For the first time, a key world leader actually uttered parts of the laundry list of Iranian regime misdeeds that people like myself and Michael Ledeen and Iranian dissidents such as Rouzbeh Farahanipour and Reza Pahlavi have been warning about for years.
Blair said there were "elements of the government of Iran, openly supporting terrorism in Iraq to stop a fledgling democratic process; trying to turn out a democratic government in Lebanon; floutting the international community's desire for peace in Palestine - at the same time as denying the Holocaust and trying to acquire nuclear weapons capability.”
Blair expressed surprise that despite these overt deeds, “a large part of world opinion is frankly almost indifferent. It would be bizarre if it weren't deadly serious.”
"We must recognize the strategic challenge the government of Iran poses," Blair added. "Not its people, possibly not all its ruling elements, but those presently in charge of its policy."
While all of this is developing, the United States and Britain have begun a quiet buildup of their naval forces in the Persian Gulf, with the goal of keeping the Strait of Hormuz open to international shipping.
The spark point of open military confrontation could occur in many different ways.
The Iranians, for example, might choose to get directly involved should the U.S. military aid the Iraqi government in a crackdown on the Iranian-backed Mahdi Army and the Badr brigade, two Shiite militias fueling the sectarian violence in Iraq. (A clear sign that Iran is contemplating just such a move was revealed on Christmas day, when the U.S. Acknowledged it was holding four Iranians captured during a raid on the Headquarters of Abdulaziz al-Hakim in Baghdad just three weeks after he met with President Bush in the Oval Office).
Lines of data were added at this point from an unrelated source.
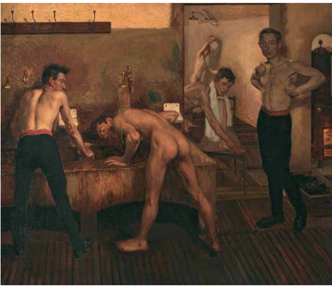
Sprchy v pražském Sokole / The Showers at the Sokol in Prague, 1901–1905 olej, plátno / oil, canvas, 140 x 169 cm Národní galerie v Praze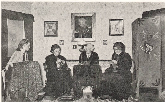
Scene fra »Skærmydsler«.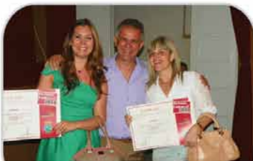
Prêmio Cultural chega a sua quarta edição

FORMATURA DOS CURSOS DAS OFICINAS CULTURAIS "JOSÉ REIS FILHO" Turmas de: Canto/Coral- Violão- Teclado e Teatro LOCAL: Oficinas Culturais "José Reis Filho" / HORÁRIO: 19h00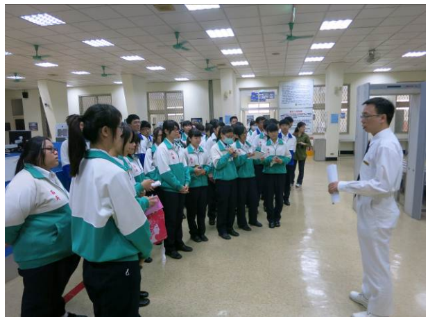
照片說明 參觀高雄關稅局旅客出入境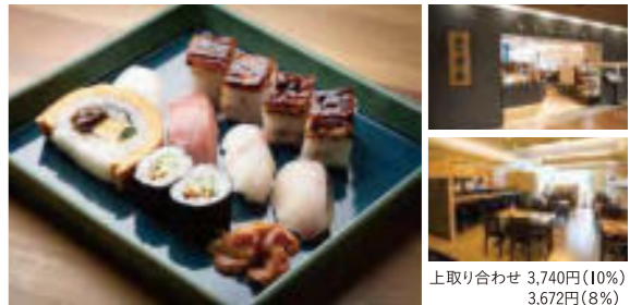
上取り合わせ 3,740円(10%) 3,672円(8%)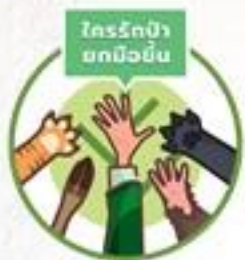
ใครรักป่ายกมือขึ้น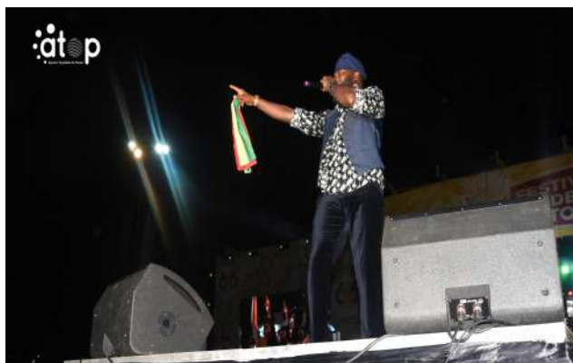
...de la prestation d'un artiste

Aux côtés de ceux-ci on notait aussi des artistes venus d'ailleurs, notamment, Innoss'B du Congo, Enam du Ghana et Vano Baby du Benin qui ont tenu en haleine le public rassemblé pour la circonstance.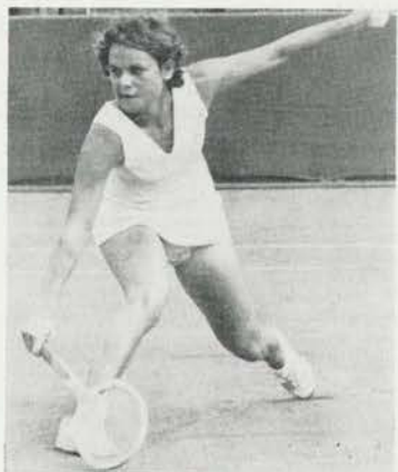
Von der 17jährigen Evonne Goolagong, die einen nicht geringen Anteil am Gewinn des Fédération Cup hat, erwartet das australische Tennis noch sehr viel.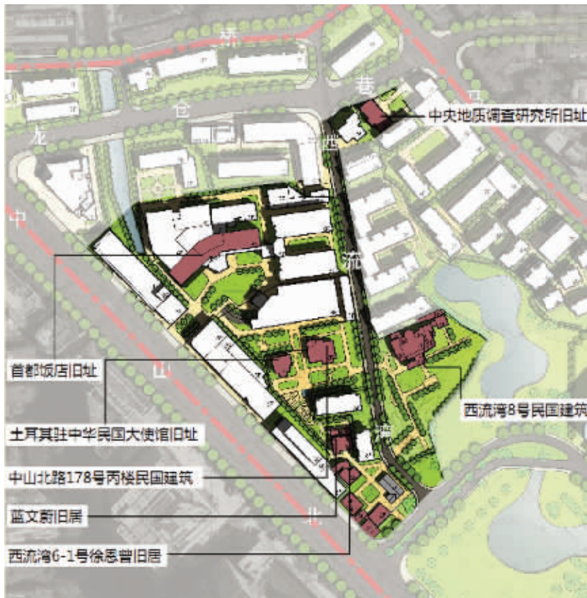
民国风情街区步行线路图

未来做什么?这次规划中也建议,0405地块拆迁完成后,需要结合周边环境整体规划,建设一处新的符合湖南路地区形象的城市综合体。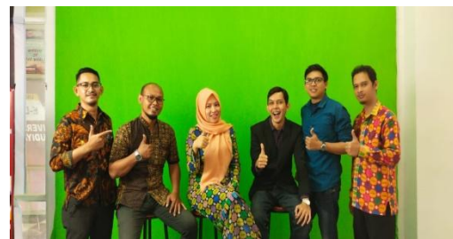
Gambar 3. Foto Bersama Pemateri dan Moderator

Gambar 1 dan 2. Bagian dari materi menjelaskan terkait dengan Bagaimana dapat menyelesaikan skripsi selama 1 semester yang dimulai dari bulan pertama sampai dengan bulan ke enam, dimana setiap bulannya memilki kegiatan yang berbeda dan harus fokus.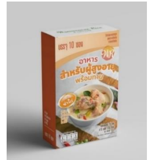
ภาพตัวอย่างผลิตภัณฑ์ภายในโครงการ

Should Iran send troops, or escalate its current level of military involvement in Iraq, the U.S. might choose to take the war into Iran, say by attacking Revolutionary Guards bases near the Iraqi border that were involved in aiding the Iraqi Shi'ite militias.
Should the United States bomb a Rev. Guards base here or there, the Iranians might choose to respond by launching “swarming” attacks against U.S. warships in the Persian gulf, or by attacking a foreign-flagged oil tanker carrying Iraqi or Kuwaiti oil, or by increasing rocket and missile supplies to Hezbollah in Lebanon to spark another diversionary war against Israel.
There are scores of ways this could happen. But where it gets us is to a direct military confrontation with Iran – an Iran which could be a nuclear power, and certainly will be a suspected nuclear power, in a matter of months, if not weeks.
And there is no easy way of walking this back. Even the insane Baker-Hamilton proposal of a direct dialogue with Iran will not get them to abandon their nuclear program, which this regime in Tehran has clearly identified as a strategic asset it is willing to make great sacrifices to develop and protect.
So fasten your seat belts. We are in for a rough ride.